Stop and smell the flowers.
Feel that sumptuous perfume blooming from those spreading petals. That’s pleasure. That’s sex. That’s the body lotion of the teenage beauty fingering your belt buckle to take your virginity (or the one you wore when you tugged that belt off your first). That’s your grandmother’s bathroom and the heart-shaped wreath at her funeral. That’s the lithe fingers and supple wrists of the florist, an emperor of blooms arranging the flowers for your mother just so.
Those petals, that scent, those colors.
Somehow flowers have become a decrepit subject, “the most obsolete of all still-life types,” to use Buchloh’s words. Despite the eminent Octoberist’s antipathy (and he is hardly alone in his disdain), flowers in art are back in bloom.

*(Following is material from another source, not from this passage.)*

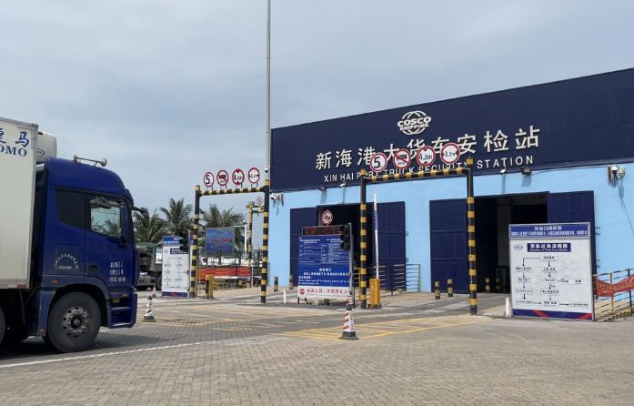 27日,海口网记者在新海港外看到,现场设置了车牌识别设备,可自动识别车辆信息。

Flagrantly frivolous, wholly ephemeral, though ancient in art, the floral’s recent return as a major subject for artists marks a pivot toward those things that flowers represent: the decorative, the minor, the ephemeral and emotional, the liveliness of their bloom and the perfume of their decay, a sophisticated language of purest color and form that can be both raw nature and refined arrangement, poetic symbolism rubbing against the political mechanisms of value, history, and trade. Flowers are fragrant with subtle meanings, each different for every artist who chooses them as a subject. They are a move away from literal explications, self-righteous cynicism—and toward what, precisely? Let’s say poetry.
Bas Jan Ader, Primary Time (still), 1974. © Estate of Bas Jan Ader / Mary Sue Andersen, 2016 / Bas Jan Ader by SIAE, Rome, 2016. Courtesy: Meliksetian | Briggs, Los Angeles
Free in the wilderness, rowed in gardens, in bouquets on tables, or as a decorative aromatic around the dead, flowers offer an opportunity for a simple, sensual pleasure—both a temporary escape and a corporeal return. Their origins as a species are a bit shrouded in mystery, but most who study flowers and evolution agree that they came about in order to employ insects and animals in their reproduction (a process that surely continues with our artful interventions). They lure with beauty, eventually tricking humans into agriculture and the dream of making such fecund and lively yearnings permanent, into art.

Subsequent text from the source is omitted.